Sexual Harassment and the Workplace

What constitues Sexual Harassment?
Under Title VII of the Civil Rights Act of 1964 sexual harassment is a form sex discrimination.

Unwelcome sexual advances, requests for sexual favors, and other verbal or physical conduct of a sexual nature constitute sexual harassment when this conduct explicitly or implicitly affects an individual’s employment, unreasonably interferes with an individual’s work performance, or creates an intimidating, hostile, or offensive work environment.

What should employers do to prevent and correct harassment?

Employers should establish, distribute to all employees, and enforce a policy prohibiting harassment and setting out a procedure for making complaints. In most cases, the policy and procedure should be in writing.

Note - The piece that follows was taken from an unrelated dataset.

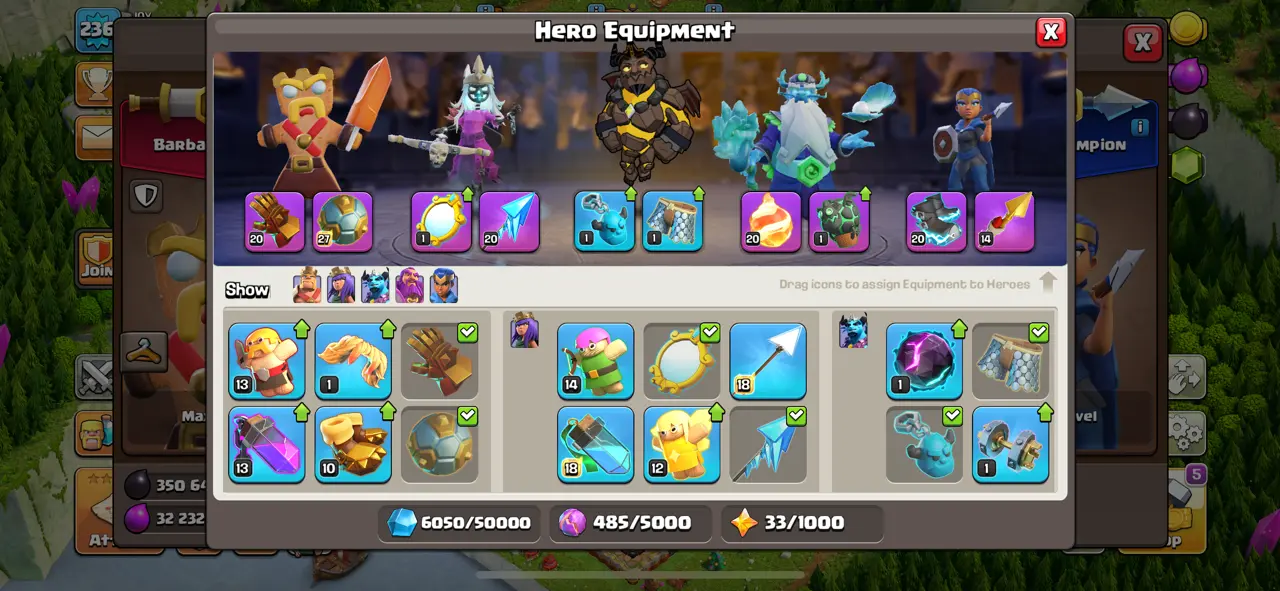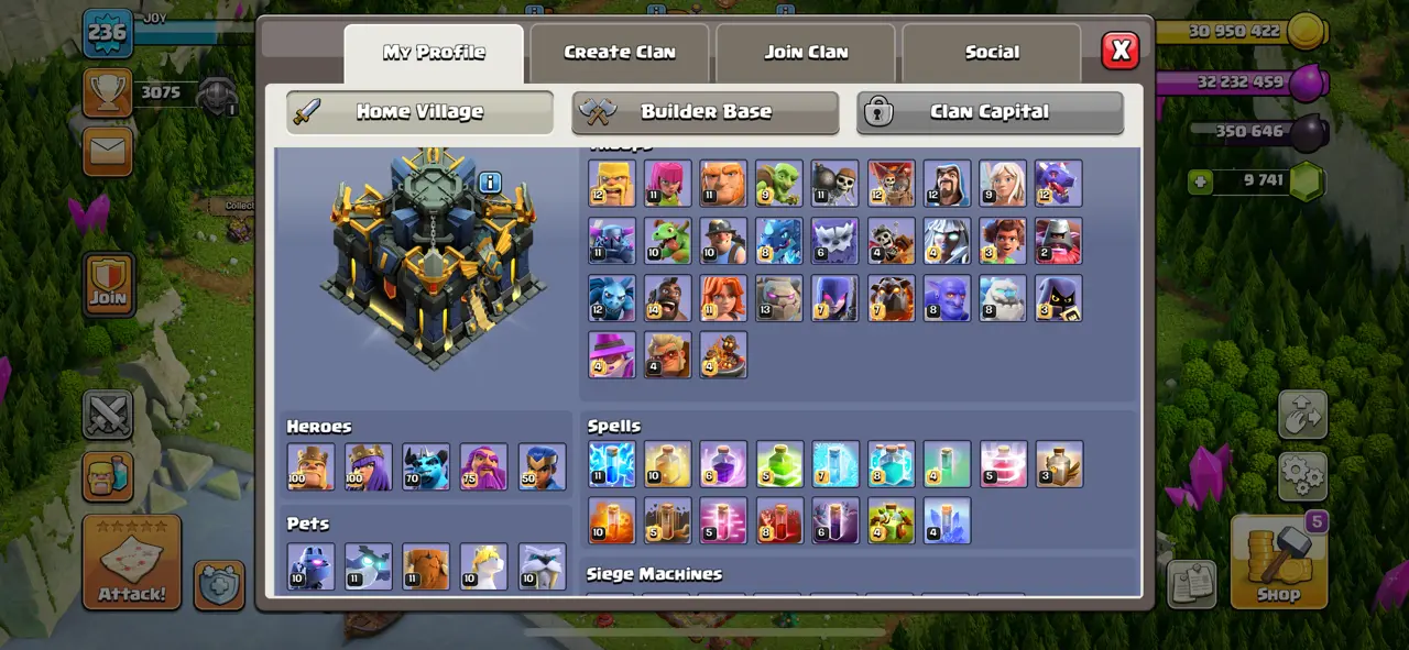 💎 9,741 GEMS 🔥 TH 17 ALMOST MAX 🔥 XP 236 [100-100-70-75-50] 🔥 8 EPIC EQUIPMENTS (1 MAX) 🔥 4 HEROES MAX 🔥 WALL ALMOST MAX 🔥 CHANGE NAME ON 🔥 FULL ACCES & GUARANTEED 🔥[F2499]

Small businesses may be able to discharge their responsibility to prevent and correct harassment through less formal means. For example, if a business is sufficiently small that the owner maintains regular contact with all employees, the owner can tell the employees at staff meetings that harassment is prohibited, that employees should report such conduct promptly, and that a complaint can be brought “straight to the top.”

If the business conducts a prompt, thorough, and impartial investigation of any complaint that arises and undertakes swift and appropriate corrective action, it will have fulfilled its responsibility to “effectively prevent and correct harassment.”

Title VII applies to employers with 15 or more employees, including state and local governments. It also applies to employment agencies and to labor organizations, as well as to the federal government.